As citizens do we have a moral obligation to play a greater role in the care of mental health patients?

By, Mabroor Ahmed and Nabeel Asif

We ask the question that what, if anything at all, can we do as citizens to help those who suffer from mental health issues? Is it in our interest to help someone who is going through depression or is that an inefficient (economically speaking) use of our time? The mantra of individualism comes under critique here as we argue that it is the duty of every citizen to play an active role in helping with the welfare of our fellow citizens, and in fact humanity as a whole. First, let us put forward some context on the issue.

mental-health

The World Health Organisation (WHO) defines health: a fundamental right of every human being as, a “state of complete physical, mental and social well-being and not merely the absence of disease”[1]. Mental health contributes equally to the triad of states; approximately 20% of the World’s childhood and adolescent population have mental disorders. The worldwide leading cause of disability is substance use and mental disorders, it is estimated that 23% of all years lost because of disability is caused because of this [3]. Furthermore, studies have shown that healthcare professionals find those most difficult to manage are patients with mental disorders [4].

Similar to WHOs definition of health, mental health is not just the absence of mental disorder, but can be defined as “a state of well-being in which every individual realises his or her own potential, can cope with the normal stresses of life, can work productively and fruitfully, and is able to make a contribution to his or her community”[2]. Therefore, these requirements must be taken into consideration when attempting to improve a person’s mental well-being.

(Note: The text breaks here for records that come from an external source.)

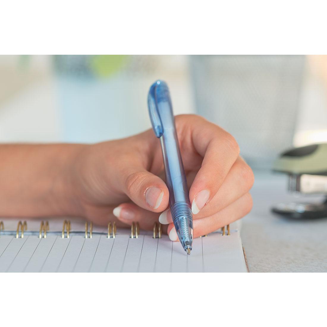 Przyjazny dla środowiska długopis wykonany z półprzeźroczystego plastiku PET pochodzącego z recyklingu. Długopis posiada niebieski wkład.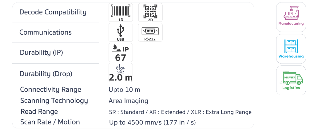 เครื่องอ่านบาร์โค้ดไร้สายที่ผ่านมาตรฐานสุดแกร่ง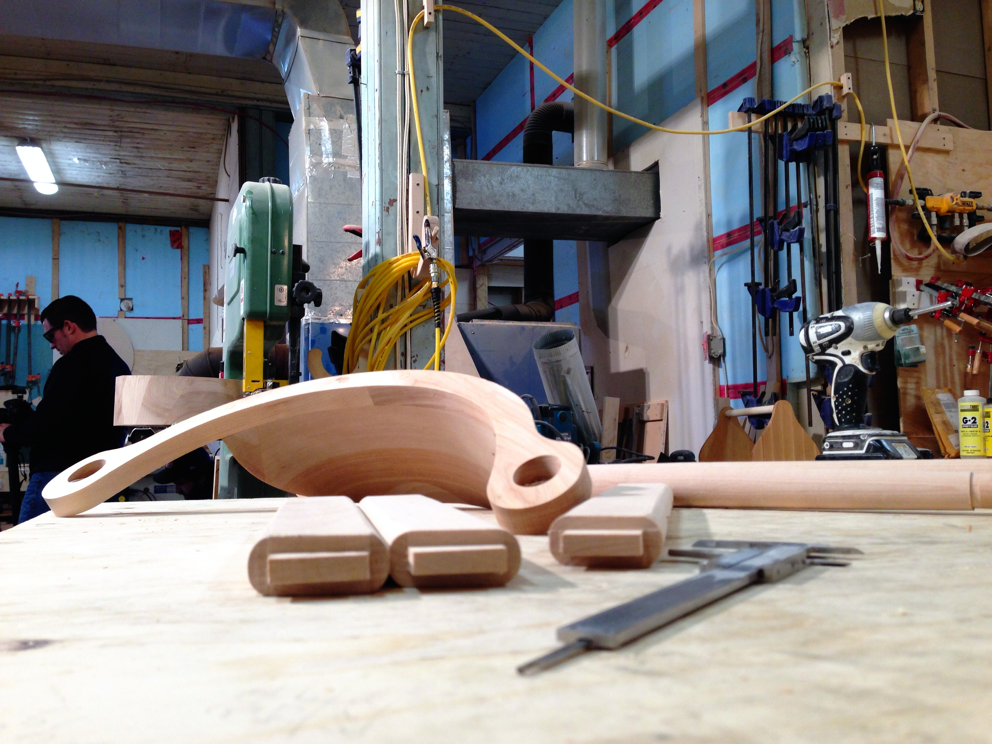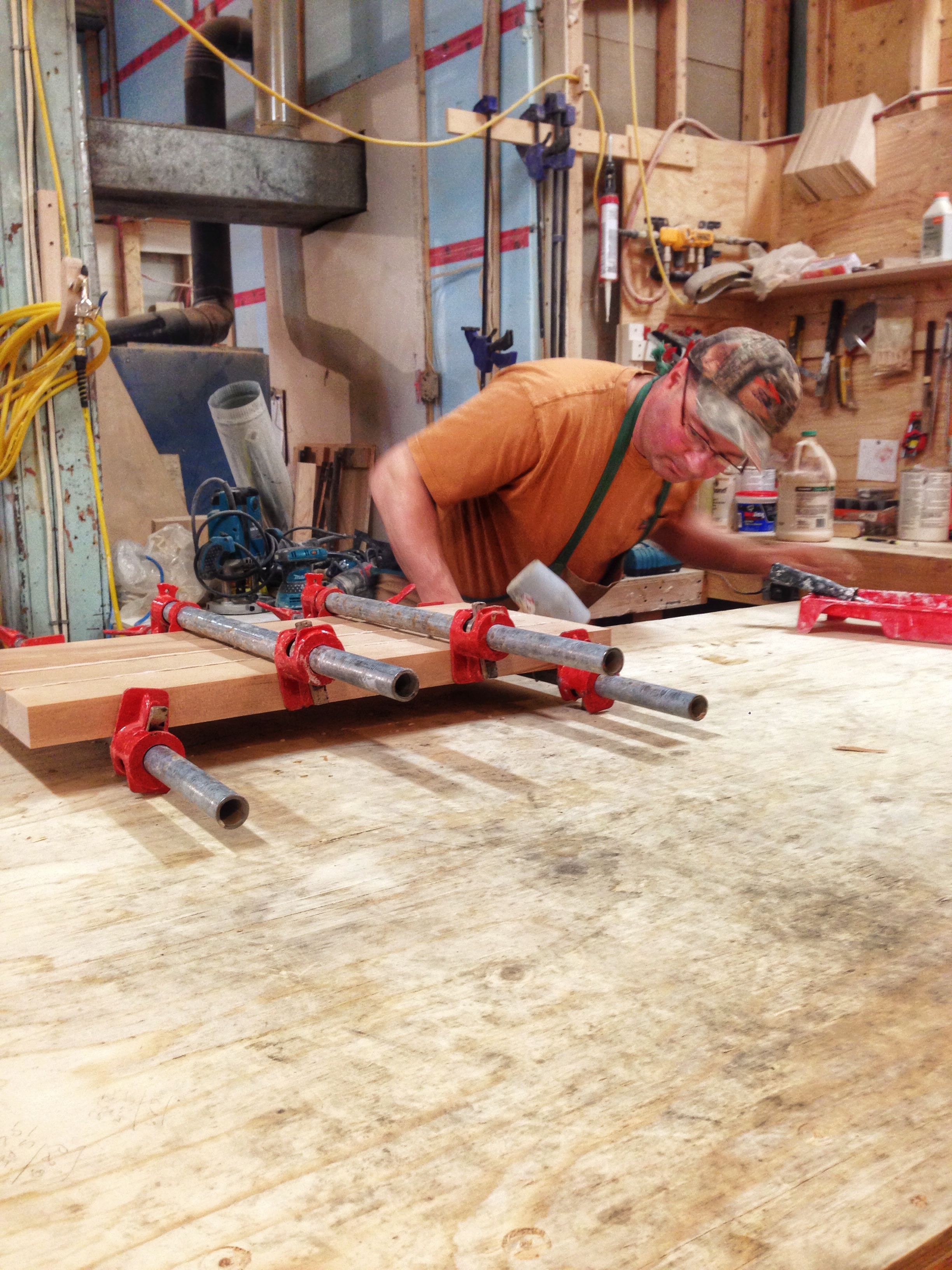 Earl Cull and Guy Freake are each at a station, heads down, focused on furniture they are building that will soon find a home at the Inn.

Indeed, the care of mental health patients could be a lot better. Andrew Solomon, in his TED talk titled ‘Depression, the secret we share’ states the following:

‘The treatments we have for depression are appalling. They are not very effective, they are extremely costly, they come with innumerable side-effects – they are a disaster. I am so grateful that I live now, and not fifty years ago, where there was almost nothing to be done. I hope that fifty years hence people hear about my treatments and are appalled that anyone endured such primitive signs’.

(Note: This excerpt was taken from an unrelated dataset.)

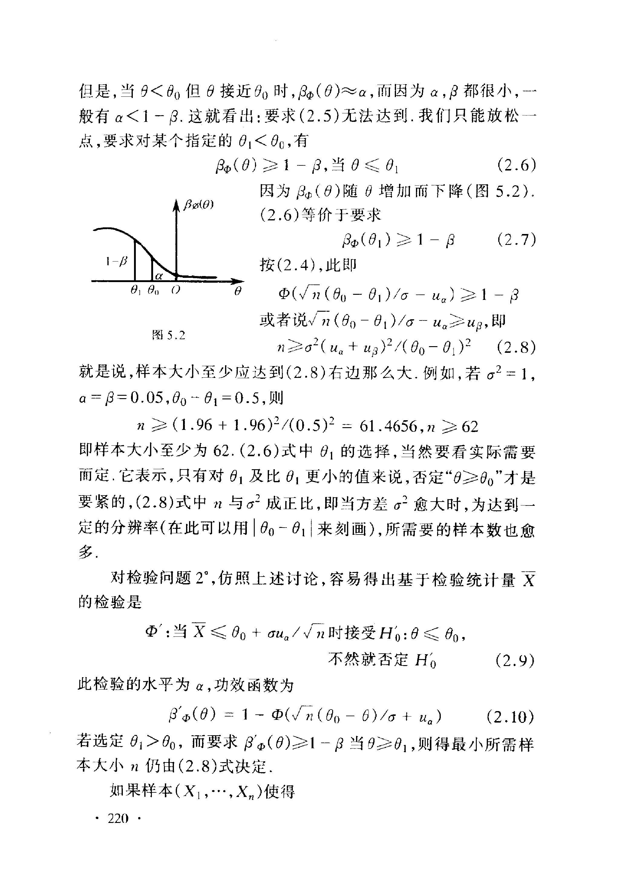即样本大小至少为 62. (2.6) 式中 \(\theta_{1}\) 的选择, 当然要看实际需要 面定. 它表示, 只有对 \(\theta_{1}\) 及比 \(\theta_{1}\) 更小的值来说, 否定“ “ \(\theta \geqslant \theta_{0}\) ” 才是 要紧的, (2.8)式中 \(n\) 与 \(\sigma^{2}\) 成正比, 即当方差 \(\sigma^{2}\) 愈大时, 为达到一 定的分辨率 (在此可以用 \(\left|\theta_{0}-\theta_{1}\right|\) 来刻画), 所需要的样本数也愈 多.

It is clear that the health services available are seen as the primary place for mental health patients to seek help.  However, if we consider prevention, we as citizens can endeavour to create an environment where we are not afraid of addressing these issues. Indeed, by getting everyone involved in activities in your local community, the chances of people feeling disconnected is reduced and if anyone is feeling the early strains of depression, they should know that there is someone they can talk to, not just on a professional level but on a personal level, thus reducing the chances of it becoming a deeper form of depression.

Cogs

Mental health, like many other health issues, is best prevented early. By the time the symptoms become obvious and professional help is sought, the road to recovery is longer and, some could argue not as straightforward. It is for this reason that we should advocate an active role in the community as part of a duty for our society. We believe that (for once) David Cameron is on the right lines when he speaks of having a ‘Big Society’. Setting aside the politics of the Big Society, we believe the essence of the message is very relevant today.

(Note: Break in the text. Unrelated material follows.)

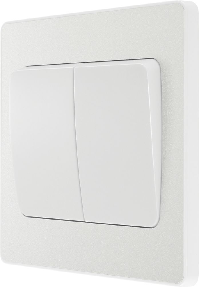 British General Evolve 20A 16AX 2-Gang 2-Way Wide Rocker Light Switch Pearlescent White with White Inserts

The case for citizens having an active involvement in the community has been presented here with the focus on mental health. While is it clear that the affordable care for mental health patients should be improved, it is the duty of a citizen to take an active interest in the mental well-being of the members of its community. Many may feel that helping someone with a mental health issue is a waste of time; not because they don’t want to, but because they may feel that they cannot do anything to make a difference. On the contrary, we as citizens are the first line of defence. If we consider prevention of depression (and other mental health illnesses) in the same light as a cure, then we have a moral duty towards our society.

What is for certain is that if we see our role as useless and a waste of time, then we let down our fellow citizens by passing the role of care on to someone else.

It is with small changes that we can work towards making the big differences.

How can you help?

If you are interested to help people with mental health conditions there are some schemes available to join which include: (Not only do these look great on your CV, but they give you actual real life experience and the chance to make a difference!)

Sane runs a national, out-of-hours mental health helpline offering specialist emotional support and information to anyone affected by mental illness, including family, friends and carers.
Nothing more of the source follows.